Jamais le marché de l’or n’avait envoyé des signaux aussi contradictoires. D’un côté, les banques centrales accumulent à un rythme historique — plus de 244 tonnes au premier trimestre 2026, un niveau inédit. De l’autre, l’once a dévissé de près de 10 % en un mois pour clôturer la semaine à 4 239,70 dollars. Depuis son sommet de janvier à 5 626,80 dollars, la perte atteint déjà 25 %. Le recul depuis le début de l’année s’établit à 2,35 %.
Deux forces opposées expliquent ce retournement brutal. La première vient de la Banque centrale européenne. Après sept pauses consécutives, elle a relevé ses trois taux directeurs de 25 points de base le 11 juin, portant le taux de la facilité de dépôt à 2,25 % — une première depuis septembre 2023. Ce durcissement est directement lié au conflit iranien et à la fermeture du détroit d’Ormuz, qui a fait exploser les prix de l’énergie. La BCE anticipe désormais une inflation de 3,0 % en 2026 et a abaissé sa prévision de croissance à 0,8 %.
La seconde force, a priori paradoxale, est d’ordre diplomatique. Un accord de paix entre Washington et Téhéran semble imminent. Le Premier ministre pakistanais Shehbaz Sharif a évoqué une finalisation possible « dans les 24 heures », tandis qu’un accord intérimaire sur la réouverture du détroit d’Ormuz pourrait être signé en marge du G7. Or, la flambée des prix du pétrole due au conflit alimentait les craintes inflationnistes et justifiait un resserrement monétaire durable. Un retour au calme affaiblit ce scénario et pèse mécaniquement sur l’or.
Aux États-Unis, l’inflation de mai a atteint 4,2 %, portée par une hausse de 23,5 % des prix de l’énergie. Les marchés intègrent désormais 70 % de probabilité d’un nouveau tour de vis de la Fed d’ici décembre 2026. La logique est implacable : des taux réels plus élevés renforcent le dollar et augmentent le coût d’opportunité de l’or, qui ne génère aucun rendement. L’effet refuge traditionnel de l’once face à l’inflation est neutralisé par la perspective de contre-mesures monétaires.
Sur le plan technique, le signal est clair. L’once a franchi à la baisse sa moyenne mobile à 200 jours pour la première fois depuis octobre 2023 — un classique signal de vente. Le RSI, à 36,1, flirte avec le territoire de survente, ce qui pourrait déclencher un rebond technique à court terme, sans pour autant inverser la tendance. Le prochain support majeur se situe désormais à 4 000 dollars.
La semaine s’annonce décisive avec la réunion du FOMC les 16 et 17 juin, la première sous la présidence de Kevin Warsh. Les marchés tablent à 97 % sur un statu quo. Tout l’enjeu réside dans le dot plot. Si les membres de la Fed repoussent la première baisse des taux à 2027, la pression sur l’or pourrait s’accentuer. À l’inverse, une fenêtre ouverte pour septembre provoquerait une vive contre-réaction. Warsh, qui a vivement critiqué la politique monétaire des vingt dernières années, pourrait marquer de son empreinte cette première réunion.
Dans ce climat baissier, les banques centrales ne faiblissent pas. La Chine a acheté 9,95 tonnes d’or en mai, portant ses réserves à 2 331,52 tonnes — soit la 19e acquisition mensuelle consécutive, la plus longue série depuis au moins 2015. En avril, les banques centrales ont ajouté 17 tonnes nettes supplémentaires, avec le retour d’acheteurs historiques et l’entrée de nouveaux venus du Guatemala, d’Indonésie et de Malaisie. La demande institutionnelle s’élargit donc sensiblement.

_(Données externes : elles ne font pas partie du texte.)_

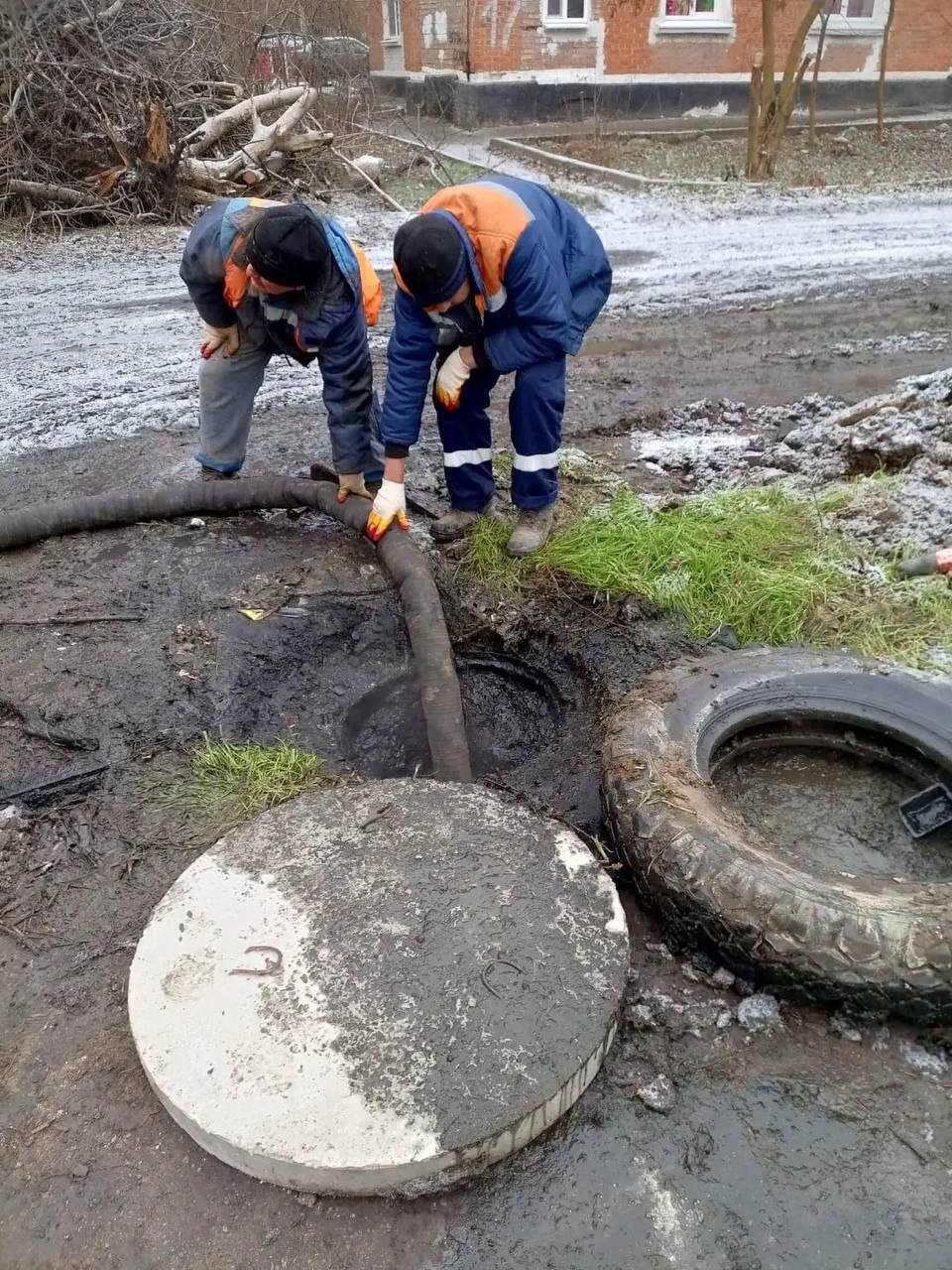 На улице Мешкова, д. 10 силами бригады шахтинского филиала ГУП РО УРСВ выполняется планировка грунта, откачка колодца, подготовка к чистке.
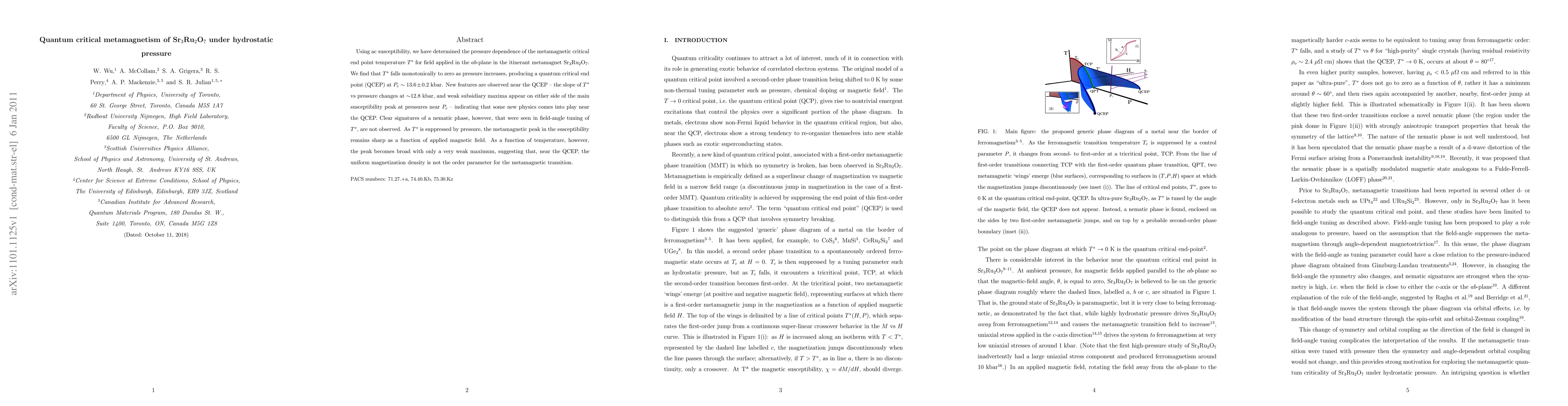 This study investigates the quantum critical metamagnetism in Sr3Ru2O7 under hydrostatic pressure, revealing a quantum critical end point (QCEP) at ~13.6 kbar where T* drops to zero. New phenomena emerge near the QCEP, indicating additional physics, but no nematic phase is observed.

Pourtant, en Chine même, la fracture est nette. La demande de gros sur le marché civil est tombée à son plus bas niveau en seize ans, tandis que quatorze ETF aurifères ont subi des sorties de plus de 10 milliards de yuans (environ 1,48 milliard de dollars) en un seul mois. À l’échelle mondiale, la demande de barres et de pièces a bondi de 42 % au premier trimestre, à 474 tonnes — le deuxième plus fort trimestre jamais enregistré. Le World Gold Council chiffre la demande totale d’or à 193 milliards de dollars sur la période, en hausse de 74 %.
Malgré la chute, les analystes de J.P. Morgan Research maintiennent un objectif de 6 000 dollars l’once d’ici la fin de l’année. Ce scénario dépendra largement du signal donné par Kevin Warsh mercredi et de la réouverture effective du détroit d’Ormuz. Le vendredi 19 juin, le grand jour de dénouement des options ajoute encore une couche d’incertitude aux mouvements attendus.